Tragic news from Las Vegas makes us reflect on what is important. #ThrowbackThursday

Sadly, the tragic news from Las Vegas is the latest in a long string of atrocities we’ve witnessed. In this post from 12-19-12, I reflect on where I was and what I was doing.

It’s sad that we need a tragedy to remind of us of what is important – our families.Click To Tweet

Tragedy after tragedy reminds us of what is important

The tragic news from Sandy Hook Elementary has galvanized the nation in support of dozens of grieving families. Blame will be cast and speeches made, urging reforms on gun ownership and mental health treatments.
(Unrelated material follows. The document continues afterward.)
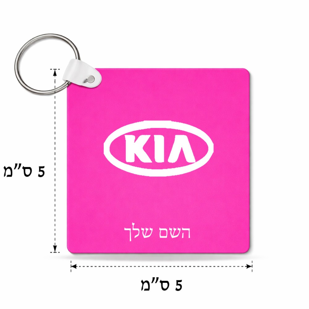 מחזיק מפתחות בצורת ריבוע בעיצוב אישי עם השם שלך בעיצוב קיה גודל המחזיק 5 × 5 ס"מ. את השם המבוקש ניתן לציין בהזמנה, אם לא צויין אנחנו ניצור קשר לבירור.
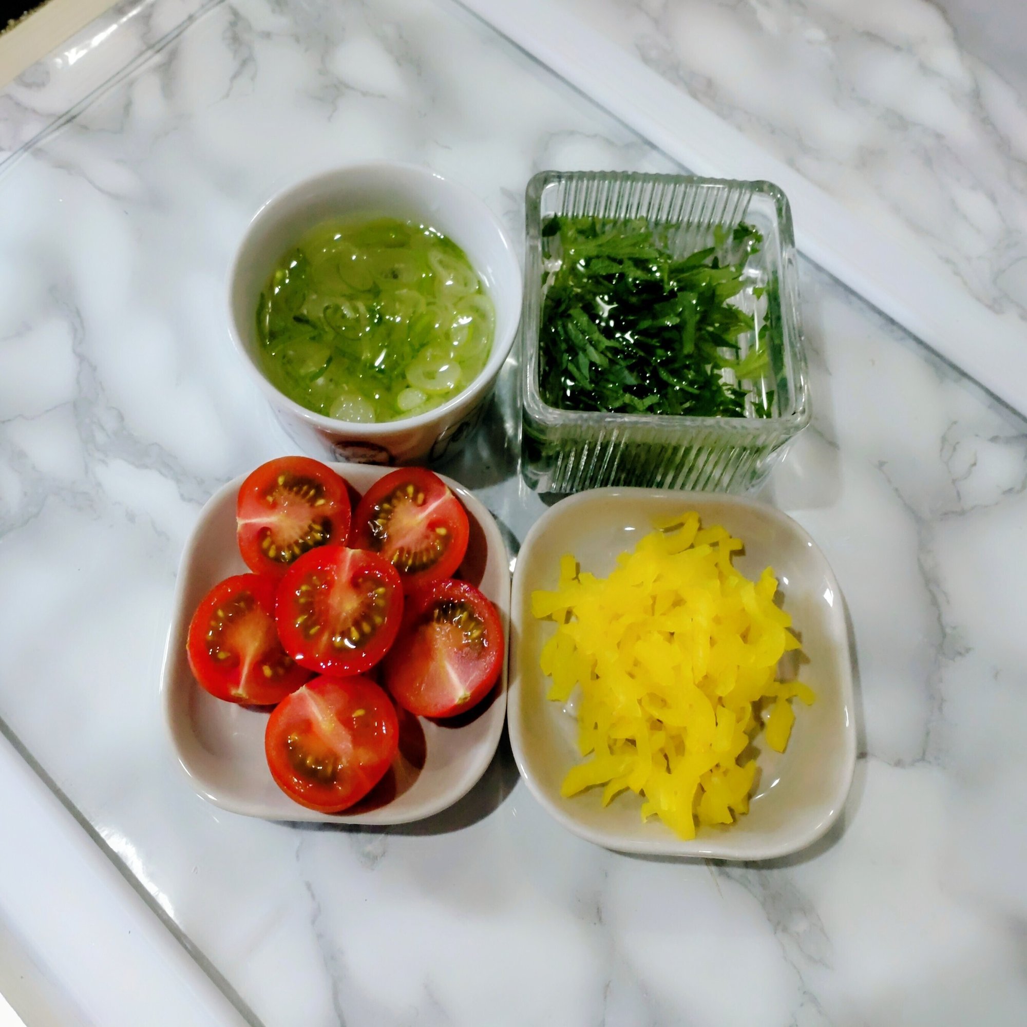 (大葉・ミニトマト・たくあん)ねぎ(左上)は柚子おろし用

We can only speculate on whether our government takes action on any promises.  It’s easy to talk when tragedy overcomes our nation.

I’m at an age that I can look back at several tragedies in American history.

November 22, 1963

A Friday. School officials let us out early. Only after we arrived home did we learn an assassin had taken the life of our president, JFK. Before the birth of CNN and FoxNew and a hundred other cable stations, we had three local stations. All weekend, our family was glued to the television, watching NBC’s coverage of the death of John Fitzgerald Kennedy. I was eight years old.

January 28, 1986

I watched in horror and a sick fascination as the images of the Challenger exploded over and over and over again as we tried to make sense of a senseless act. We watched the launch because of the novelty of having a teacher on board. If not for this anomaly, coverage probably wouldn’t have taken place.

I was home on maternity leave. My daughter was six days old.

October 14-16, 1987

The nation was glued to the developing story of Jessica McClure, an eighteen-month old girl who fell down a well. It took rescuers fifty-eight hours to pull her out alive. I was six-months pregnant with my son.

September 11, 2001

A man I worked with received a call from his wife, and he informed us of the hit on the first tower. We listened in horror on the radio as the plane flew into the second tower. I heard Jim Miklaszewski report live from the Pentagon as the third plane slammed into it. Someone turned on the television in the cafeteria, and we watched as both towers collapsed. Numb, the events too surreal to comprehend, we tried to stay focused on work. I was to attend a five-year anniversary dinner for my investment club that night. Instead, I spent the afternoon scrambling for emails and phone numbers (this was before yahoo groups) to tell the members the easiest decision I’d ever had to make: Go home to your families.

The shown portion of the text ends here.